This is the mail archive of the
gcc-patches@gcc.gnu.org
mailing list for the GCC project.
Re: [PATCH] New pass to partition single function into multiple (resubmission)
- From: Ralf Wildenhues <Ralf dot Wildenhues at gmx dot de>
- To: Revital1 Eres <ERES at il dot ibm dot com>
- Cc: gcc-patches at gcc dot gnu dot org
- Date: Sun, 7 Jun 2009 09:34:33 +0200
- Subject: Re: [PATCH] New pass to partition single function into multiple (resubmission)
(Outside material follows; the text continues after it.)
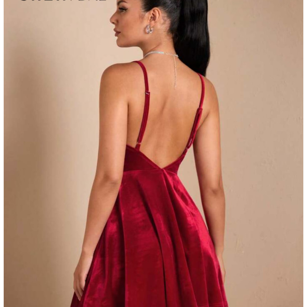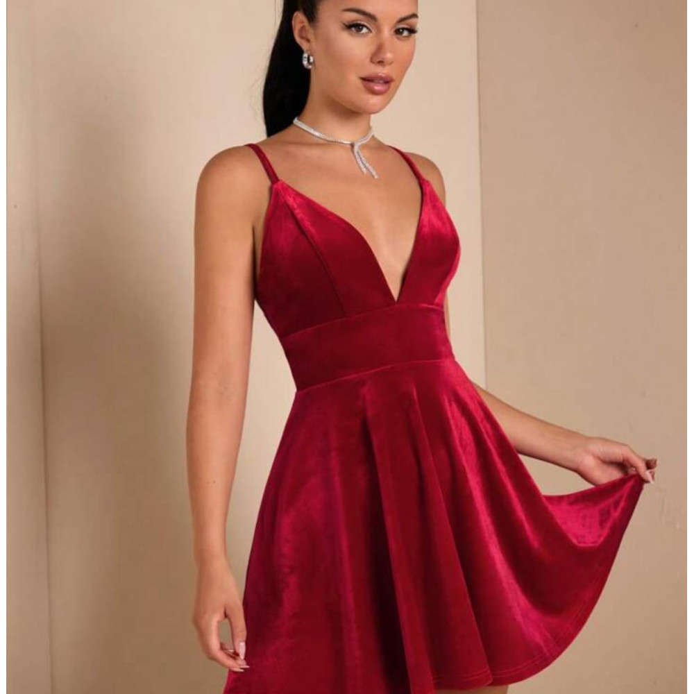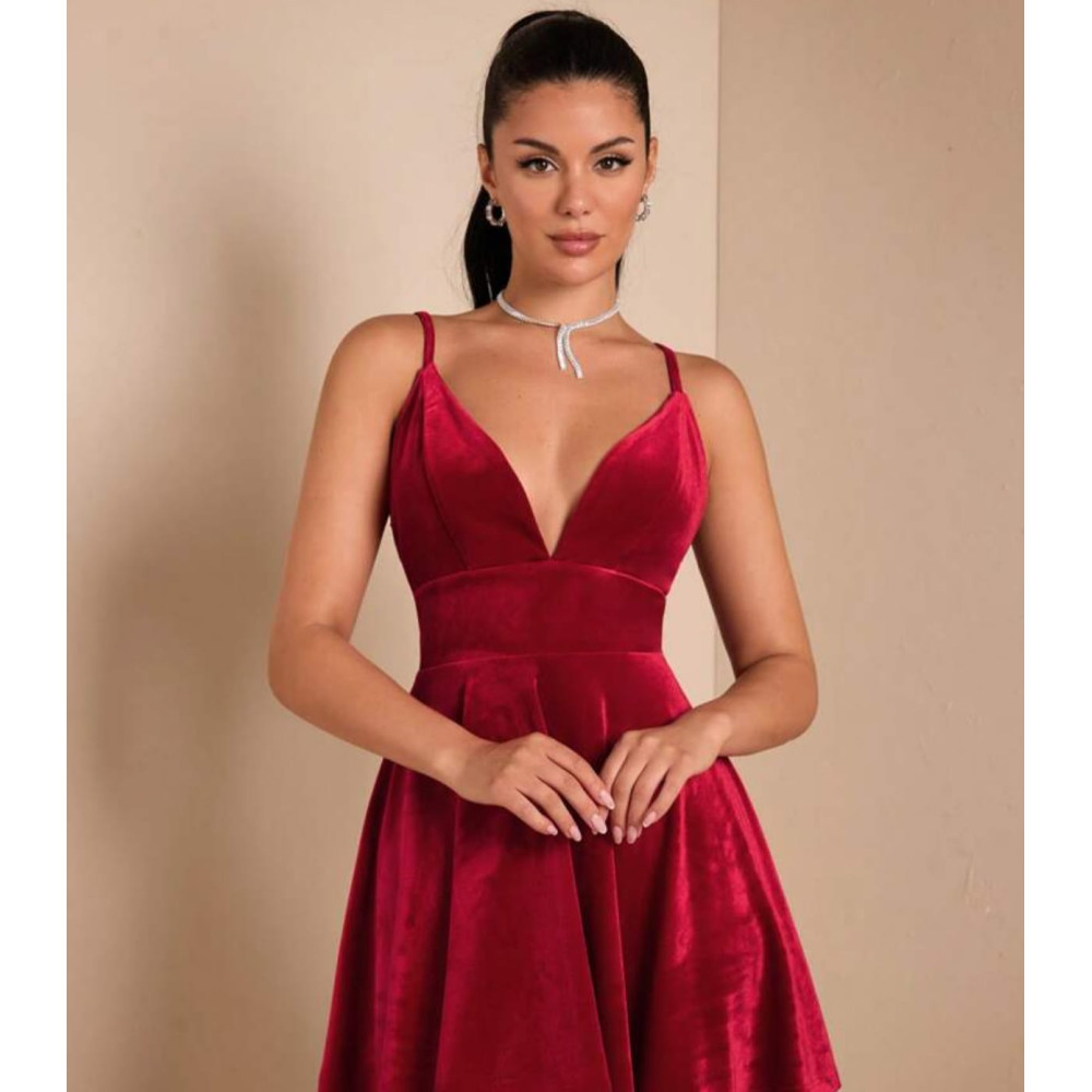 Vestido de veludo vermelho curto com decote V profundo e costas abertas.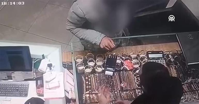 Güvenlik kamerasına yansıyan görüntüde, şüphelinin vatandaşın hesabından aktardığı parayla altın aldığı görülüyor.

- References: <OF92C32BEE.9C242D7E-ONC22575AD.003A0103-C22575AD.003A28EE@il.ibm.com> <571f6b510905050509oe83494dyc5d06a45175666bf@mail.gmail.com> <OFF8D89692.8B5697D5-ONC22575C9.00270131-C22575C9.004BCF7C@il.ibm.com>
Hello,
a few random typo nits:
* Revital1 Eres wrote on Tue, Jun 02, 2009 at 03:48:03PM CEST:
> --- doc/invoke.texi (revision 148013)
> +++ doc/invoke.texi (working copy)
> @@ -7236,6 +7244,16 @@ You will not be able to use @code{gprof}
> specify this option and you may have problems with debugging if
> you specify both this option and @option{-g}.
>
> +@item -fpartition-functions-into-sections=@var{n}
> +@opindex fpartition-functions-into-sections
> +Partition function into sections according to a threshold which indicates
> +the maximum number of bytes each section can contain. This transformation
> +is aimed for targets with limited local store which may not suffice to
> +hold large functions. To overcome this the function is partitioned into
s/this/& limitation,/
> +several sections which can be swapped while running. This may result
> +in an undefined behavior when using an @code{asm} statement.
s/ an / /
> +@option{-ffunction-sections} flag is implied implicitly when setting this flag.
s/ implicitly / /
> @item -fbranch-target-load-optimize
> @opindex fbranch-target-load-optimize
> Perform branch target register load optimization before prologue / epilogue
> --- bb-reorder.c (revision 148013)
> +++ bb-reorder.c (working copy)
> +/* Information regarding insn.
> + The instruction size could be dynamic (it depends on how the
> + targetm.bb_partitioning.estimate_instruction_size() is implemented).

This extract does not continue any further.